Jay Sulzberger jays@panix.com
Fri Jan 31 19:35:40 PST 2003

On Fri, 31 Jan 2003, Larry M. Augustin wrote:

> > Quoting Karsten M. Self (kmself@ix.netcom.com):
> >
> > > Makes many of the same points as I do.  Though he doesn't address the
> > > "what if it happens on :80, :22, :25" problem.
> Port 80 is turning into a big problem.  I've had tis conversation with
> several chief security officers.  Everyone is now building software that
> pushes stuff through port 80, mostly because that port is generally open.
> i.e. opening up a port has become such a big deal that everyone wants to use
> port 80.  But with multiple services now being offered through port 80, all
> people have done is make ports useless, and make the problem harder by
> hiding it under port 80.  When one of these applications makes any attempt
> at security, they do something inside XML so you need an XML parser to
> enforce security.  There are a lot of companies out there now trying to
> build "port 80 firewalls" - boxes that parse everything going past port 80,
> and attempt to do something intelligent, including add security.

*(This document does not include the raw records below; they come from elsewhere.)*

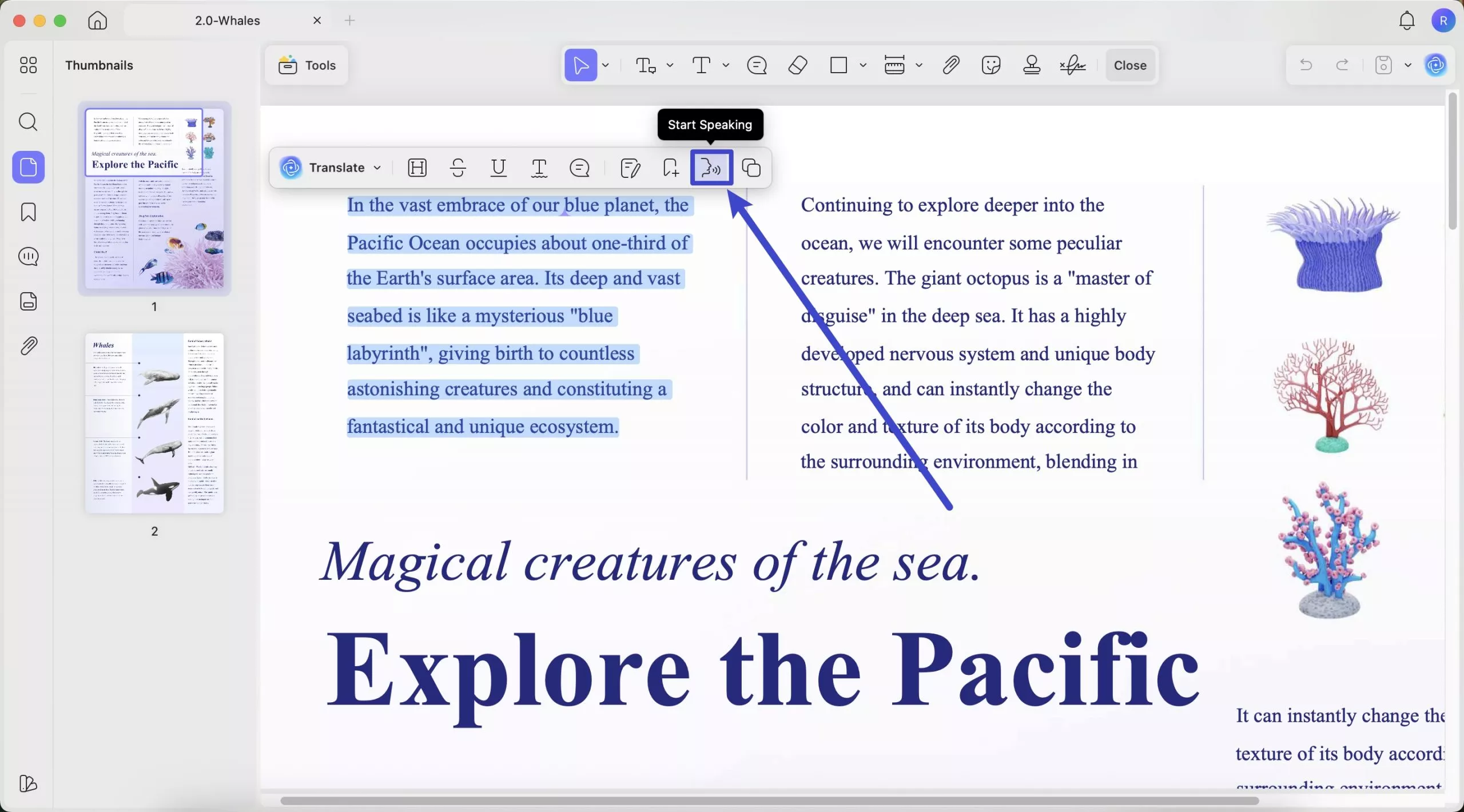 UPDF enables you to listen to your documents instead of going through tiresome reading. Follow these simple steps to learn how to use its "Start Speaking" feature to make your text speak like a human.
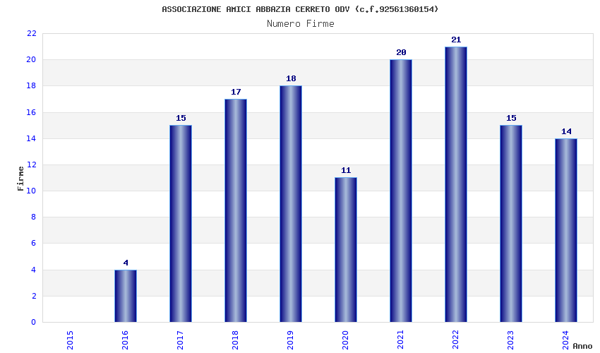 | Anno | Firme | Importi | Media | Naz. | Reg. | Prov. | Comu. |
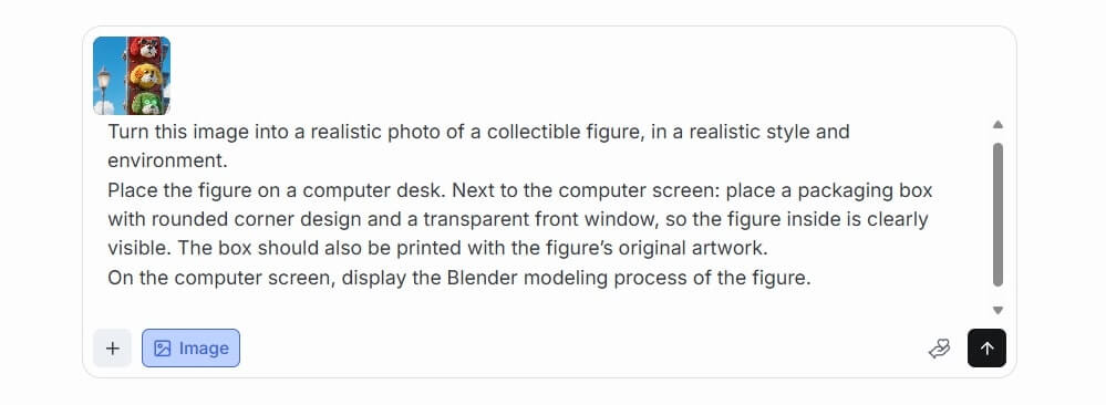 2. 在輸入框的左側,點擊「+」按鈕並上傳你想要模型化的圖片。接著,在輸入框中輸入你的提示詞 (Prompt)。
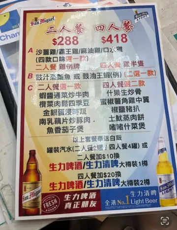 有時放左工 同老公兩個撐枱腳我地都會去何文田愛民邨既領鮮廚房食小菜食個2人餐 有雞 有魚/蝦 再加1個小菜份量夠之餘亦都好夠鑊氣大排檔風味 但有冷氣 坐得舒適今次都係叫左2人餐 揀左霸王雞 豉汁蒸倉魚 蝦醬通菜炒牛肉 最後因為無哂通菜 變左芥蘭炒牛肉 但都好好味個霸王雞有半隻 夠滑唔鞋口 豉汁蒸魚都大條 幾抵食 唔腥好新鮮 最後個芥蘭炒牛肉 好有獲氣 好惹味 三個餸 兩碗白飯再加兩個汽水 好夠食$288 有雞有魚有小菜 價錢合理 佢地仲有雞煲烤魚 同埋我見好多人食海鮮 下次多人一齊食可以再試個樣好靚 應該都好正
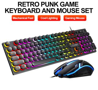 Colorful Backlight 104 Keys Punk Round USB Wired Gaming Keyboard Mouse Combos
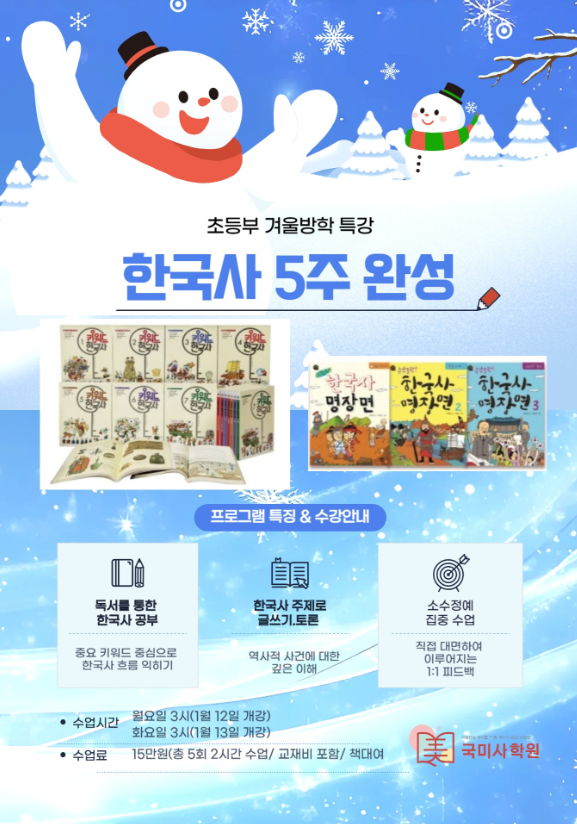 [특강 1] (초등) 한국사 마스터 - 일정 : 12/22~2/27 / 총 28회기 - 요일 및 시간 : (A반) 매주 월,수,금 오전 10시 ~11시 30분(90분) / 28회기 : (B반) 매주 화.목 오전 10시~12시(120분) / 17회기 - 대상 : 초등 4~6학년 (* 반별 최대 6~8명, *선착순 마감) - 11월 말까지 사전등록수강생에 한해 첫 달 수업업료 20%할인. - 혼자 책 읽기, 한국사 흐름, 글쓰기 어려워하는 학생 필수!!
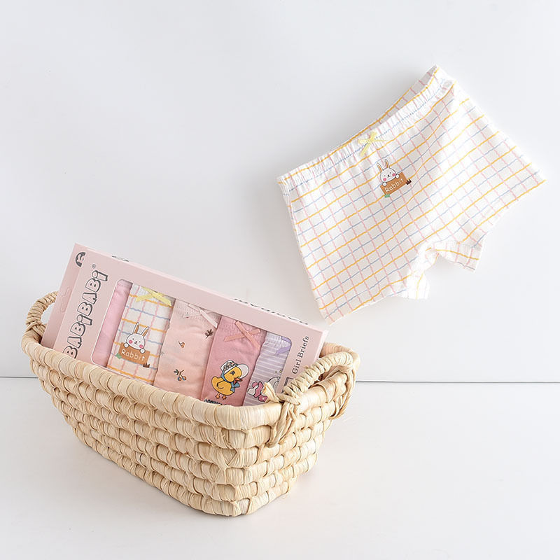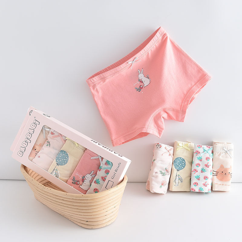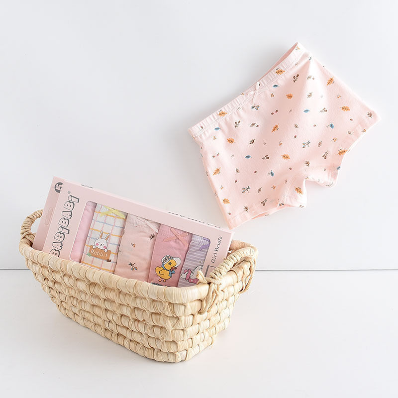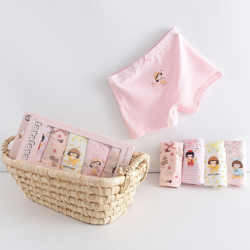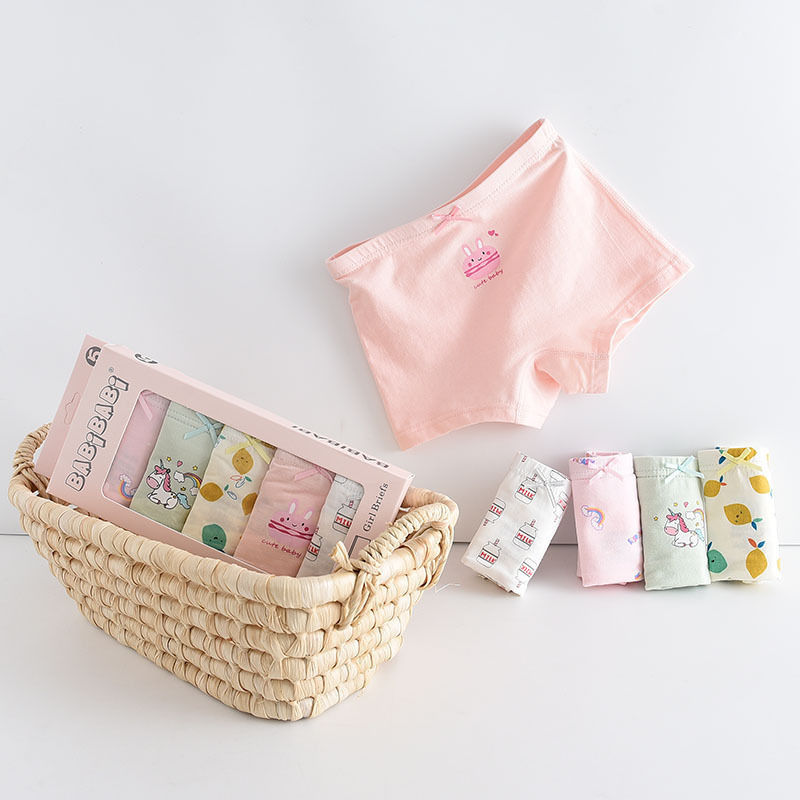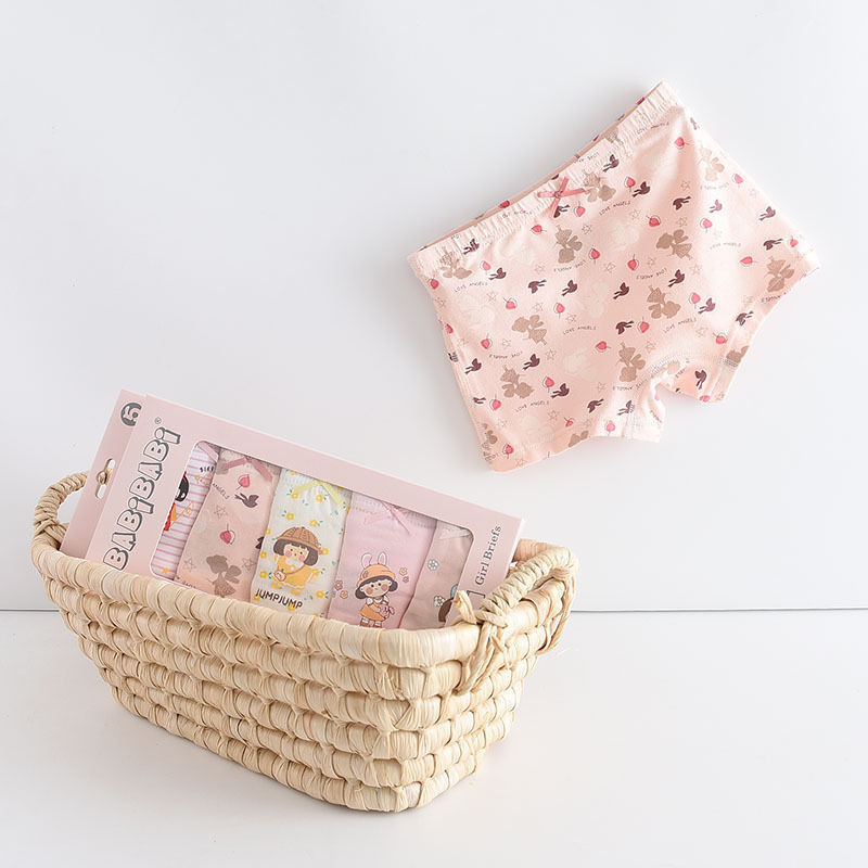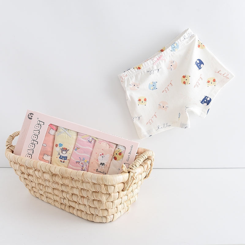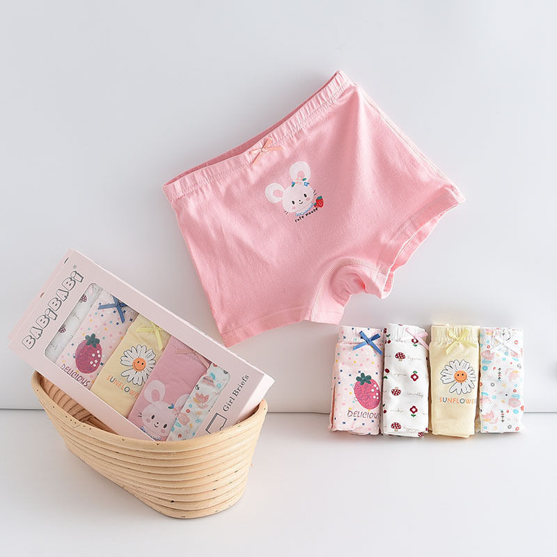 黛唯梵五条盒装儿童内裤95棉男女童平角裤卡通韩版平角内裤

The tiny worm was content free.  A proper watcher system would have stopped
the worm not because the watcher analyzed the content and deduced that it
was a bad worm, but because the behavior of the node on the Net changed,
specifically some Microsoft program began spewing near duplicate UDP
packets at a high rate.

> It's strange to think that the practice of being judicious in locking down
> ports has created an even worse problem because developers are now using
> port 80 to go around the firewall.
> Larry

This is an example of a defect of thought widespread among computer
programmers: over-concreteness when thinking about computers.  Of course,
many of these same computer programmers suffer from looseness of
association when thinking about non-computer matters.